___ The data
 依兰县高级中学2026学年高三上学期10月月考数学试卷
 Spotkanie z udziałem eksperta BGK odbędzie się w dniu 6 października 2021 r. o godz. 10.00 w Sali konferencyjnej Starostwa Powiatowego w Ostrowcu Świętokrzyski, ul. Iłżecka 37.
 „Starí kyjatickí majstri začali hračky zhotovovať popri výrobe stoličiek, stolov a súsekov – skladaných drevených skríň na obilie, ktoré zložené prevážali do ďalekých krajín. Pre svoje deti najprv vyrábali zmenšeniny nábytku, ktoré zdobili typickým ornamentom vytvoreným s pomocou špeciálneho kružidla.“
______
___ The data
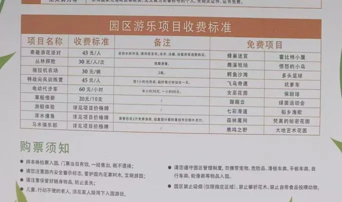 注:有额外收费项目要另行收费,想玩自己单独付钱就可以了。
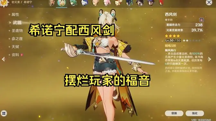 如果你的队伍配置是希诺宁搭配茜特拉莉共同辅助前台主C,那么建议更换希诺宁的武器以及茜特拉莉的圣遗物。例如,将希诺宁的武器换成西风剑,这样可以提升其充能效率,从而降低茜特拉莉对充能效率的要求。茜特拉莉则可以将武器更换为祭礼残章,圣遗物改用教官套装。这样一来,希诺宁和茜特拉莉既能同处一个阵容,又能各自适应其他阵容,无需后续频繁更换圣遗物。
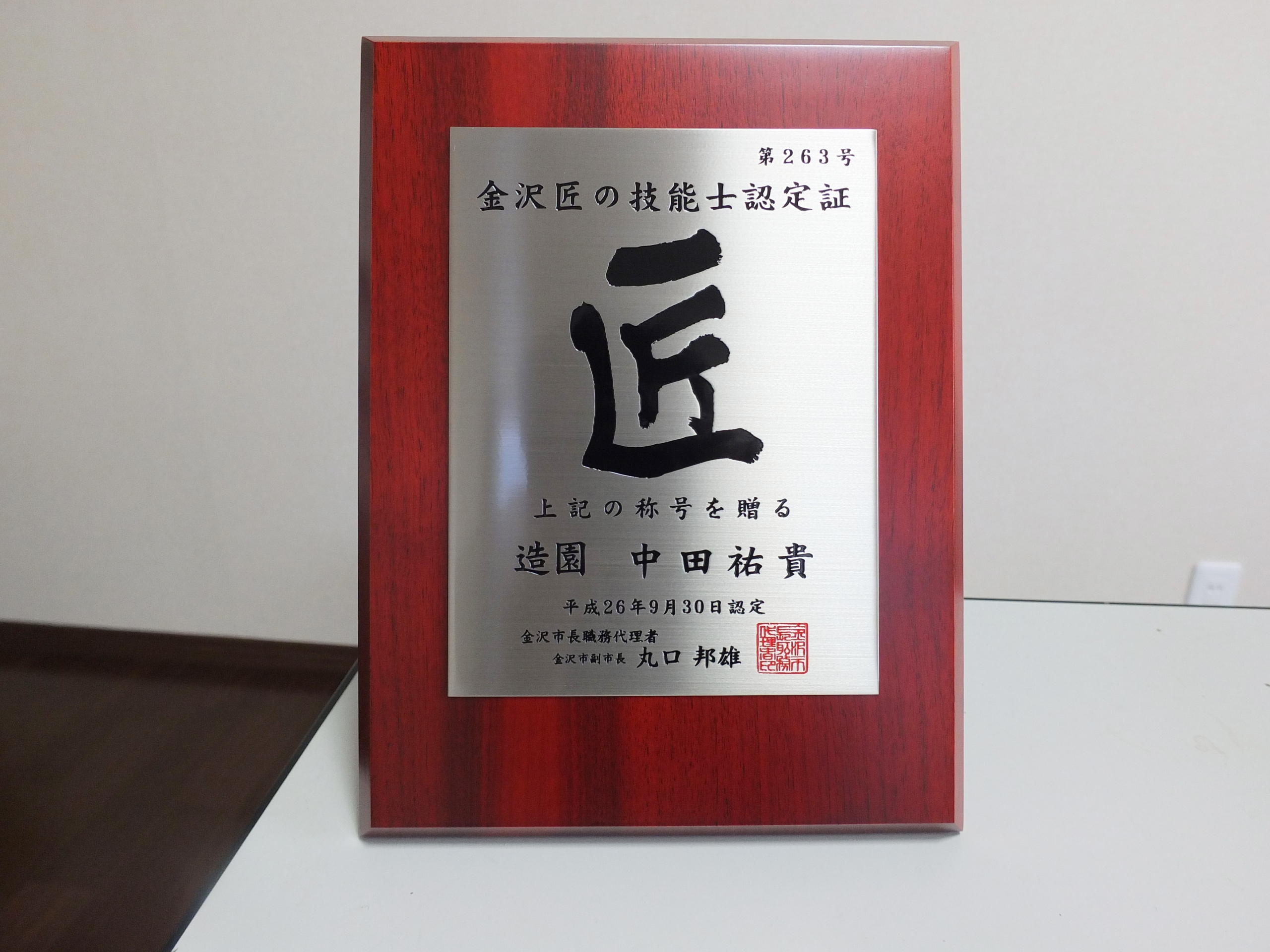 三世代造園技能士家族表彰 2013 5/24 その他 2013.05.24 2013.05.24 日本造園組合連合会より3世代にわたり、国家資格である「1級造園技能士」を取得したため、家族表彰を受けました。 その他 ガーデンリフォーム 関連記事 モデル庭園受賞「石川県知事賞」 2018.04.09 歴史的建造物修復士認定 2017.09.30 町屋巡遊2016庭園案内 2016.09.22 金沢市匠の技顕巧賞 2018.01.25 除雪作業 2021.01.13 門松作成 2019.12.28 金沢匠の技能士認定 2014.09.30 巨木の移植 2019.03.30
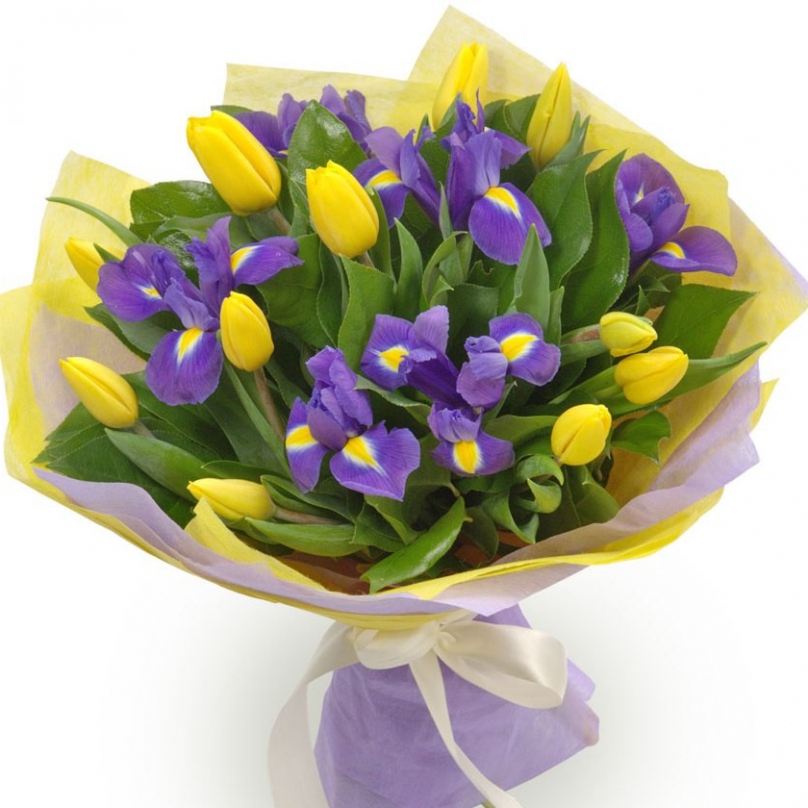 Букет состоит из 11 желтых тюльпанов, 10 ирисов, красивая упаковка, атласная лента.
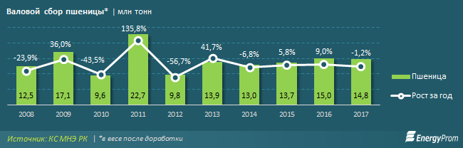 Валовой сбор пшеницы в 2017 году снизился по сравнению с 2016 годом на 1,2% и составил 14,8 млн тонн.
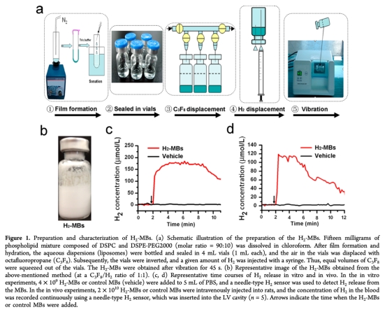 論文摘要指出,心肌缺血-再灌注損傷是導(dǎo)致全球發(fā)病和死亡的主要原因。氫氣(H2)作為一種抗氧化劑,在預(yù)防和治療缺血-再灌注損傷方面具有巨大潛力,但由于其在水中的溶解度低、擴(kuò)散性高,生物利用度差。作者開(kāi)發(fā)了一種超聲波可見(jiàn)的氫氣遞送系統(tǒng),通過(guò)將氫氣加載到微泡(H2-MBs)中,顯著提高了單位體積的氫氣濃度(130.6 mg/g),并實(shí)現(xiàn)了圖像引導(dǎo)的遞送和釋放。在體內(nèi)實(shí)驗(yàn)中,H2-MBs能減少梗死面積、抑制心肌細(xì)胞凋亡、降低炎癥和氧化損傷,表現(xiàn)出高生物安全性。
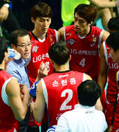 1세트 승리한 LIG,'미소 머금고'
______
___ The data
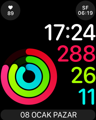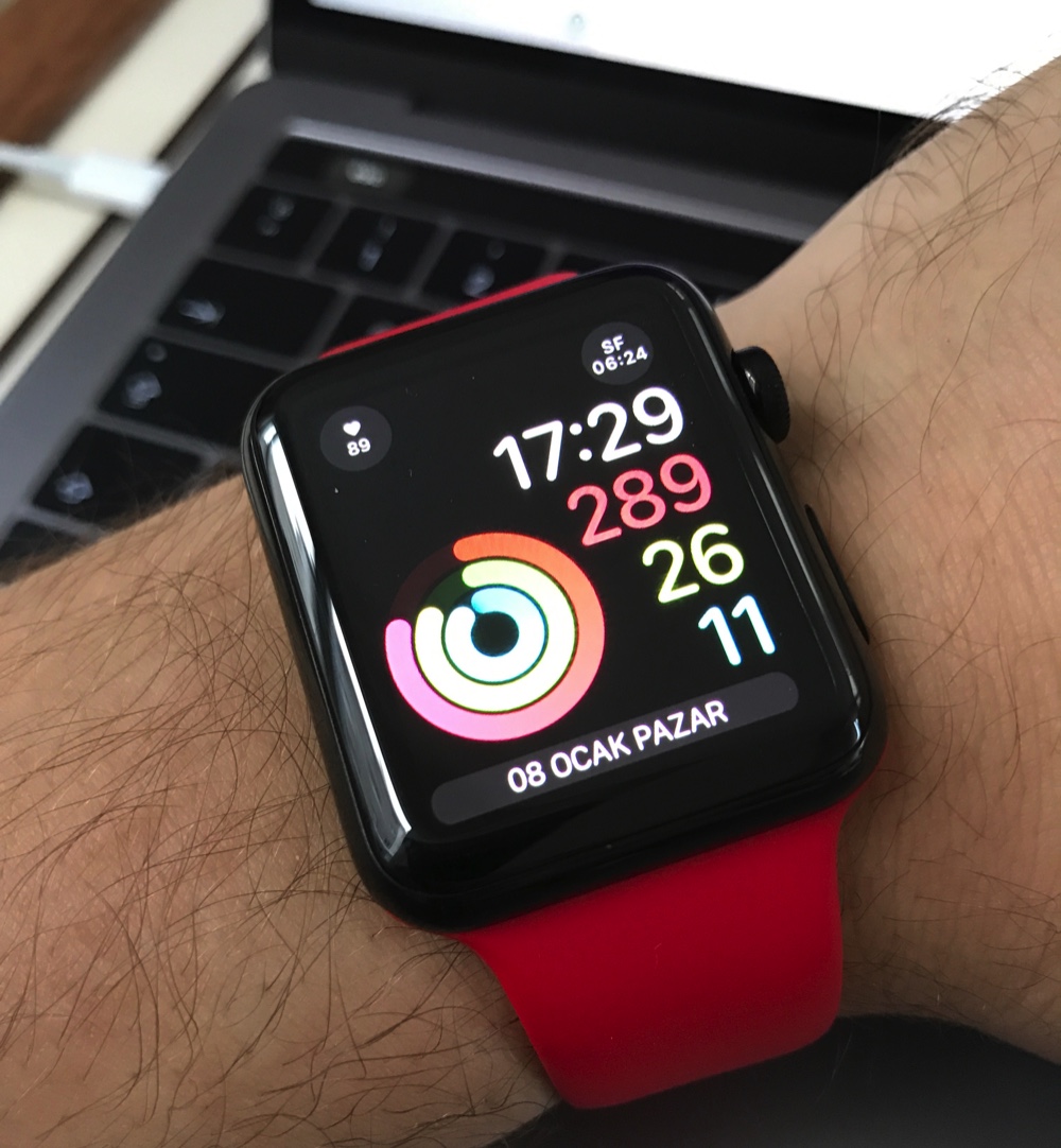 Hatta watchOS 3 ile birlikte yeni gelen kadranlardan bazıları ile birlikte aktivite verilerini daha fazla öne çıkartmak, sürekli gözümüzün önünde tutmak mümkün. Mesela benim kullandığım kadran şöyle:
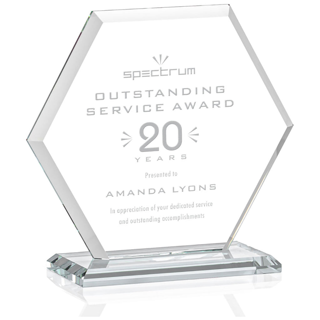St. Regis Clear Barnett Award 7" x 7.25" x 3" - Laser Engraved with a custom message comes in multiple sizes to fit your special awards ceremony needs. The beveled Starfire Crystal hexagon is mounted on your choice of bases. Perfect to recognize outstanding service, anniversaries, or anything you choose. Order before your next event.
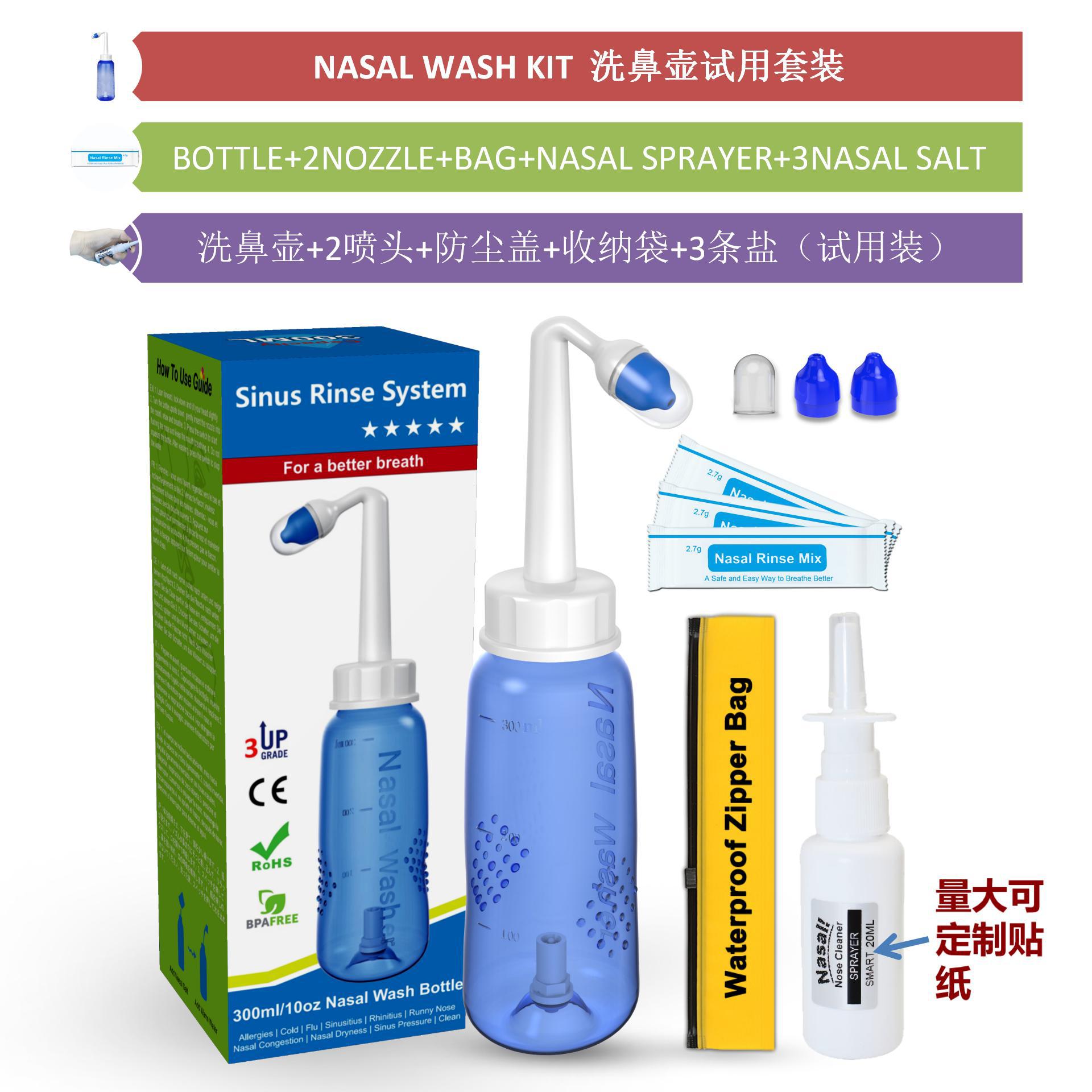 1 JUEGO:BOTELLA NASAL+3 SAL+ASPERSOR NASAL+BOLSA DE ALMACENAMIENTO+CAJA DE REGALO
______
* [Activity]:
Once the line with "論文摘要指出,心肌缺血-再灌" is found above, print it and every line after it through the line with "1세트 승리한 LIG,'미소 머금고'", exactly. Pictures stay out.

* [Response to this exercise]:
 論文摘要指出,心肌缺血-再灌注損傷是導(dǎo)致全球發(fā)病和死亡的主要原因。氫氣(H2)作為一種抗氧化劑,在預(yù)防和治療缺血-再灌注損傷方面具有巨大潛力,但由于其在水中的溶解度低、擴(kuò)散性高,生物利用度差。作者開(kāi)發(fā)了一種超聲波可見(jiàn)的氫氣遞送系統(tǒng),通過(guò)將氫氣加載到微泡(H2-MBs)中,顯著提高了單位體積的氫氣濃度(130.6 mg/g),并實(shí)現(xiàn)了圖像引導(dǎo)的遞送和釋放。在體內(nèi)實(shí)驗(yàn)中,H2-MBs能減少梗死面積、抑制心肌細(xì)胞凋亡、降低炎癥和氧化損傷,表現(xiàn)出高生物安全性。
 1세트 승리한 LIG,'미소 머금고'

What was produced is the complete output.